Laporan: Sigit Nuryadin
Minggu, 08 Maret 2026 | 11:37 WIB
Pawai Ogoh-ogogh di Bundaran HI (SinPo.id/Sigit Nuryadin)
Pawai Ogoh-ogogh di Bundaran HI (SinPo.id/Sigit Nuryadin)

SinPo.id - Gubernur DKI Jakarta Pramono Anung bersama Wakil Gubernur Rano Karno menghadiri Festival Nyepi yang menampilkan pawai ogoh-ogoh di kawasan Bundaran HI, Jakarta Pusat, Minggu 8 Maret 2026. 

Kegiatan tersebut diikuti sekitar 2.000 peserta sebagai bagian dari rangkaian menyambut Hari Raya Nyepi Tahun Baru Saka 1948.

Festival yang digelar melalui kerja sama Suka Duka Hindu Dharma Jakarta Raya dan Parisada Hindu Dharma Indonesia (PHDI) Provinsi DKI Jakarta itu menampilkan parade budaya serta arak-arakan ogoh-ogoh dari kawasan Monumen Nasional menuju Bundaran HI.

Wakil Gubernur DKI Jakarta Rano Karno mengatakan kegiatan tersebut menjadi salah satu upaya memperkuat harmoni dan toleransi antarumat beragama di Jakarta.

“Dalam pawai budaya ini, kurang lebih 2.000 peserta terlibat dengan menampilkan sekitar 13 hingga 15 ogoh-ogoh yang diarak dalam rangkaian parade budaya. Ogoh-ogoh merupakan bagian dari tradisi menjelang Nyepi yang melambangkan sifat-sifat negatif dalam diri manusia yang perlu disucikan,” kata Rano dilokasi acara, Minggu, 8 Maret 2026.

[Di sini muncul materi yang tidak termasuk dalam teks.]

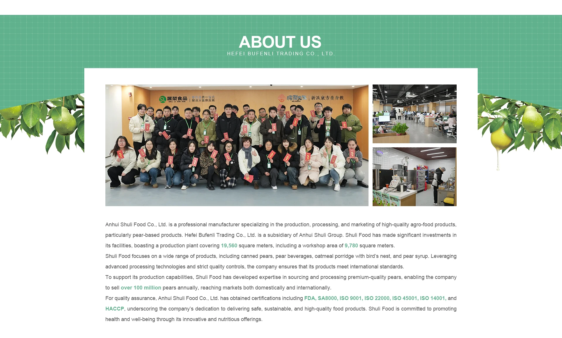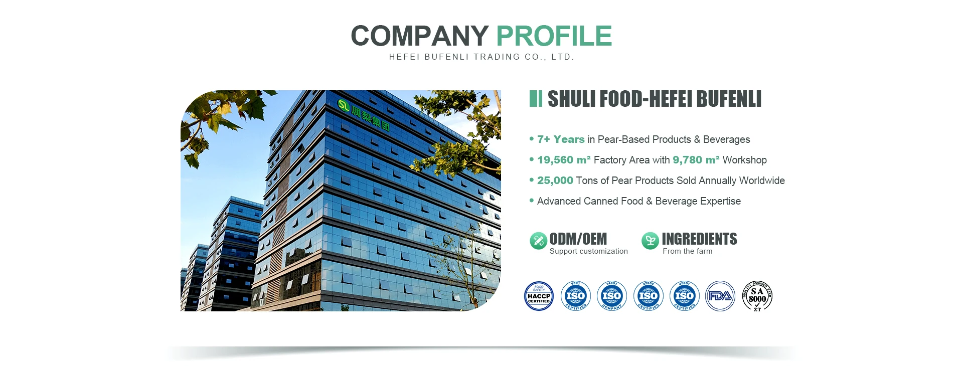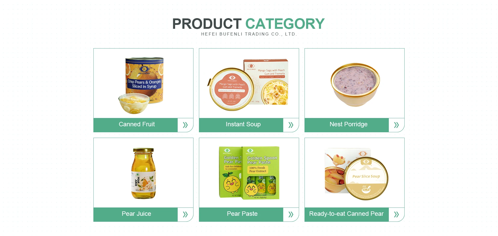 Prodotti principali: Frutta in scatola, pera in scatola pronta per il consumo, zuppa istantanea, succo di pera, pasta di pera

Menurut dia, tradisi ogoh-ogoh tidak hanya memiliki makna spiritual bagi umat Hindu, tetapi juga mencerminkan nilai budaya yang kuat. Karena itu, pemerintah provinsi berharap kegiatan tersebut dapat menjadi ruang hiburan sekaligus sarana memperkenalkan keberagaman budaya kepada warga Jakarta.

Rano juga menyampaikan ucapan selamat kepada umat Hindu yang akan merayakan Hari Raya Nyepi.

“Kami mengucapkan selamat merayakan Hari Raya Nyepi kepada umat Hindu di Jakarta maupun di seluruh Indonesia. Semoga perayaan ini membawa kedamaian, menjadi momentum refleksi diri, serta mampu memperkuat persatuan di Jakarta,” ujarnya.

Adapun salah satu warga yang menyaksikan festival tersebut, Rini, (29) mengaku antusias melihat pawai ogoh-ogoh secara langsung di Jakarta.

“Senang sekali. Setahu saya biasanya hanya ada di Bali. Sekarang bisa melihatnya langsung di Jakarta,” kata Rini.